Employers must continually take stock of workers deemed to be “independent contractors.”  This is because if, in fact they are common law employees, serious consequences can flow under several laws.  The following are just a few of the laws that can get an employer and a “contractor” in hot water if the worker turns out to be a common law employee.

  • The Public Employees’ Retirement Law (PERL).  The PERL uses the common law definition of employee used in BeaumontJacques in defining those who are to be included in CalPERS membership.  See our article here.
  • The Patient Protection and Affordable Care Act (ACA).  ACA uses the same common law definition of employee used by the IRS in determining when employers must provide affordable health coverage to its employees.
  • Ethics laws for governmental employees (e.g. Government Code section 1090 and the Political Reform Act (PRA).)  Only government employees, but not true independent contractors, are required to follow these laws.  See our earlier article here.
  • Workers’ Compensation Law.  Knowing who is an employee and who is really an independent contractor affects the employer’s degree of liability for injuries. See our articles here and here.

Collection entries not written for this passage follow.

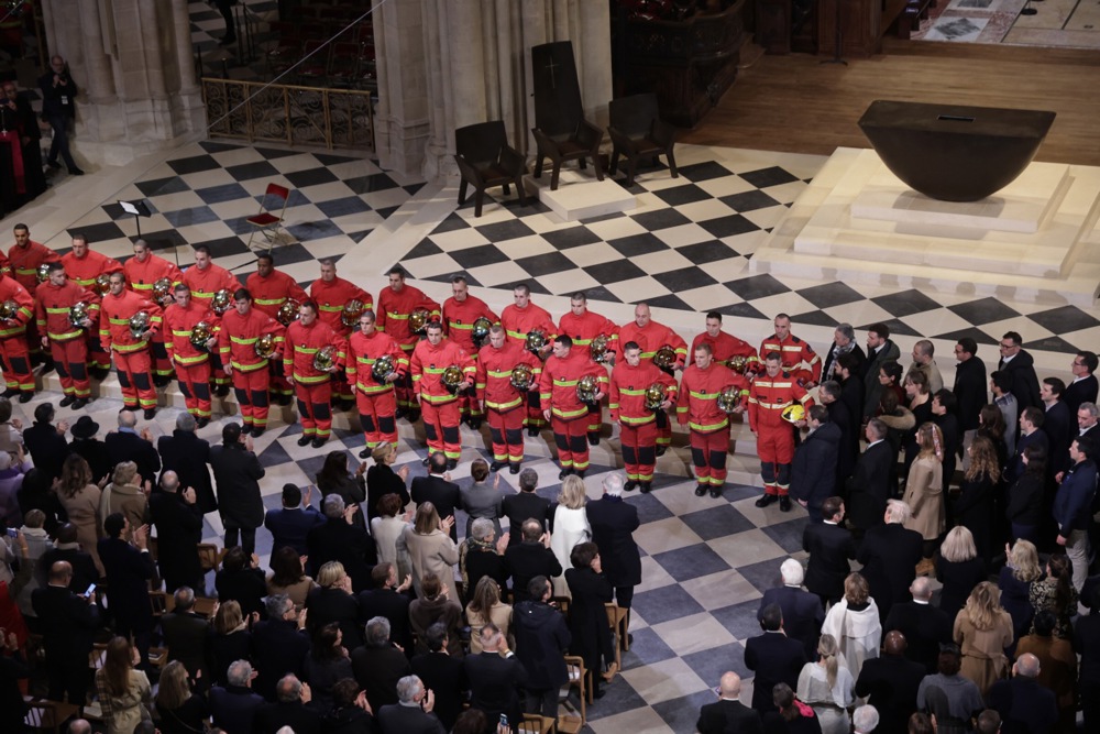 Службите за итни случаи кои помогнаа да се спаси готското ремек-дело и луѓето вклучени во реставрацијата на објектот добија овации додека парискиот надбискуп Лоран Улрих тропна три пати на вратите на Нотр Дам пред симболично повторно да ја отвори катедралата. Богослужбата траеше два часа.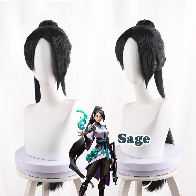 Sta5 VALORANT Sage Cosplay Peruca De Tigre Preto Clip Jogo De Cabelo Longo Costume Halloween Decor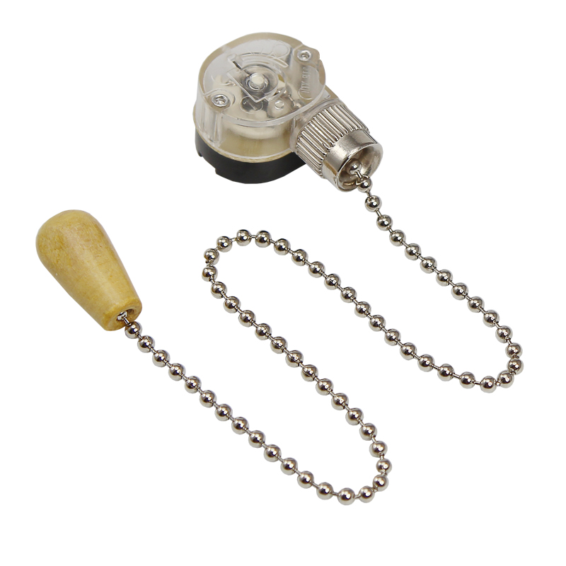 Выключатель для настенного светильника с хромированной цепочкой и деревянным наконечником. Длинна цепочки 270мм. Цвет цепочки серебро. Напряжение 220В.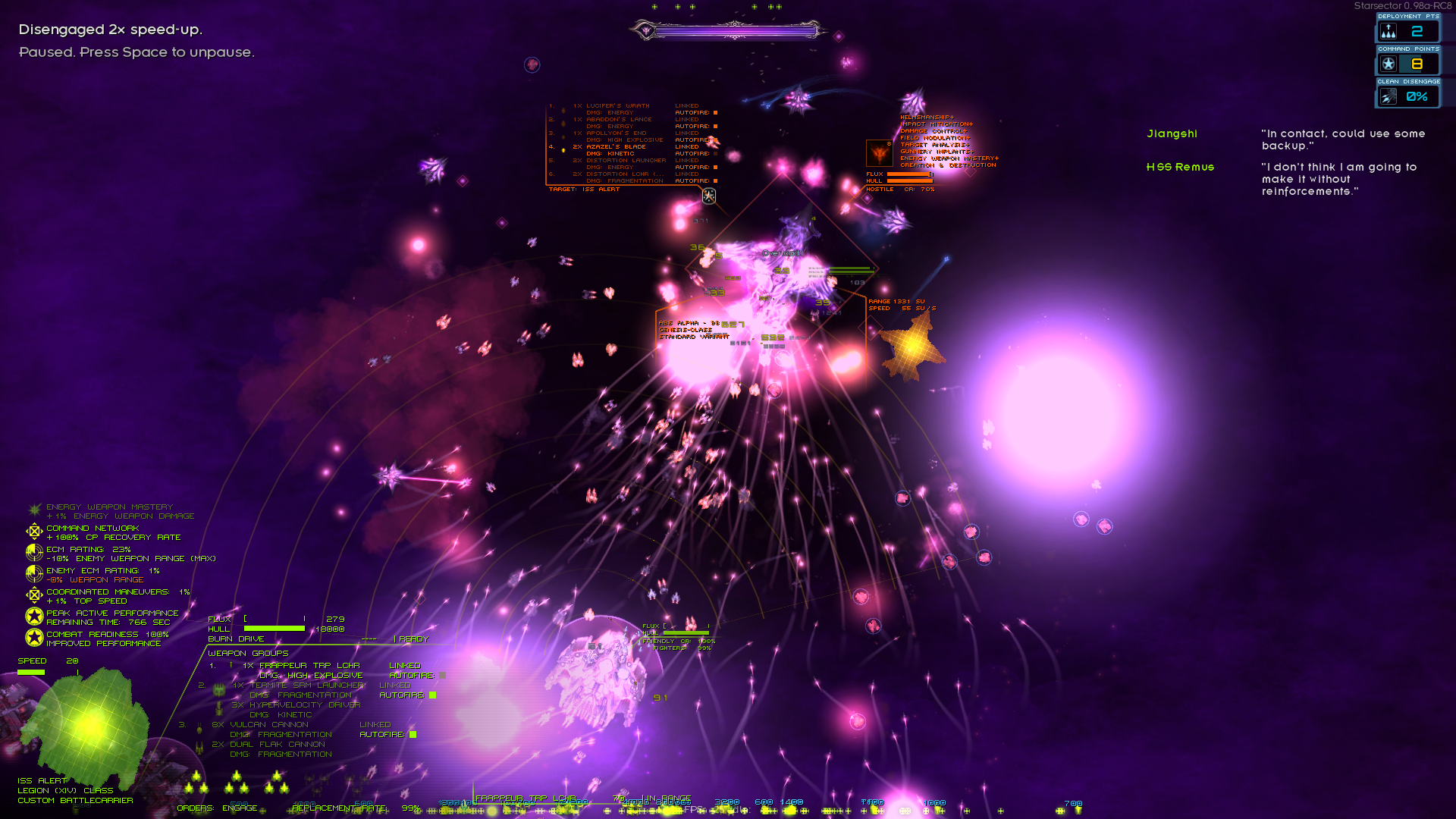 >>49814644 Ну вот, теперь будешь играть правильно. >>49817215 >но ещё быстрее лопается мой керриер когда с какого-то перепугу решает потанчить еблом на первой линии. Это решается ссыкливым офицером + гражданским маяком на карте в жопе своего флота. Гражданский потому, что в отличии от обычного корабли привязанные к ниму никуда не шароёбятся. >>49818212 Так не давай его фланговать. Отправляй на фланги своих набегателей или просто прикажи сопровождать атлас пригоршне фрегатов или дестроеру. >>49818357 Возможно и на обычную можно запилить, но учитывая что он добавляет кучу разной хуеты - сомневаюсь. Но ты попробуй, только бэкап не забудь сделать. >>49818418 >Но если принять во внимание, что для фракции LI генерируется отдельная система, наверняка второе. Это не показатель. Я вот например тиандонг специально уже на созданный сейв добавил, чтобы планеты не генерировались, ибо там какая-то манямеханика на какой-то их планете игру ломает. И оружие с файтерами с них в магазинах появляются. Правда корабелей пока не видел (они добавляют нейтралам всяким часть своих). Но я и кроме как с пейратами почти ни с кем и не дрался пока.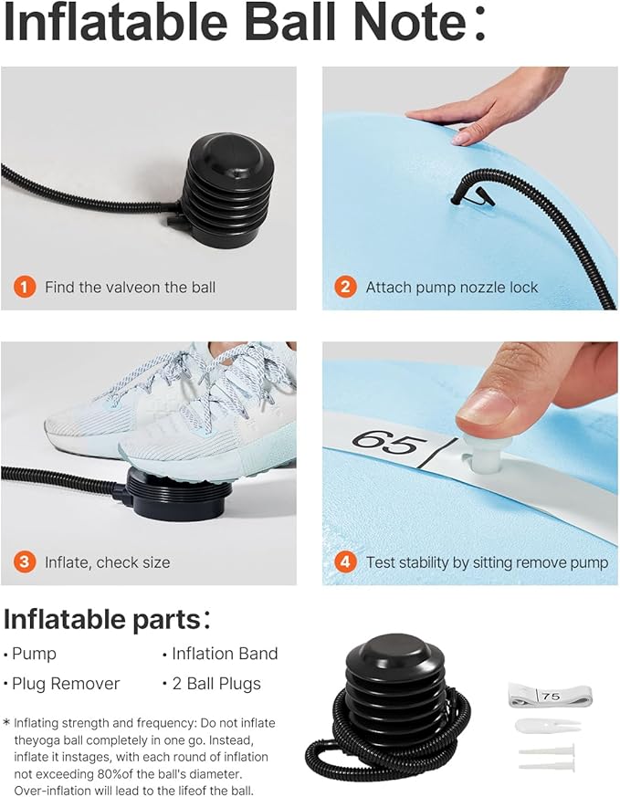 - Convenient Inflation with Included Foot Pump! Our yoga ball comes with a foot-operated air pump accessory for easy inflation. Say goodbye to worries about low-quality pumps ruining your workoutโYOTTOY ensures convenience and reliability every step of the way
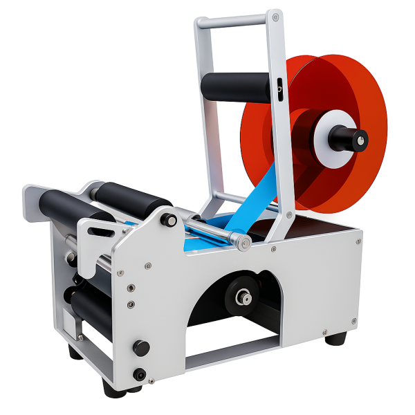 Semi-automatic labelling machine for round bottles with up to 20 labels per minute, offering precise wrap-around labelling and optional batch coding or inkjet printing integration.

  • Anti-Discrimination and Harassment laws under Title VII, FEHA and the Americans with Disabilities Act (ADA).  Some of these laws protect only employees and some also protect independent contractors.  See our previous articles here and here
  • Internal Revenue Code provisions on payroll withholdings for Social Security, unemployment insurance, and Medicare.  See our earlier article on this here.
  • Civil Rights.  The status of a worker as an employee can affect the standard under which civil rights violations are tested, as well as employer defenses.  See an example here.
  • Labor relations acts.  Employees, but not independent contractors, have collective bargaining right under the Meyers-Milias-Brown Act (MMBA), the Educational Employment Relations Act (EERA), and Trial Court Interpreter Employment Relations Act, among others.  See a related article here.

Taking the time now to review the true status of your “independent contractors” will save you the greater time and expense later if it turns out your contractor is really an “employee.”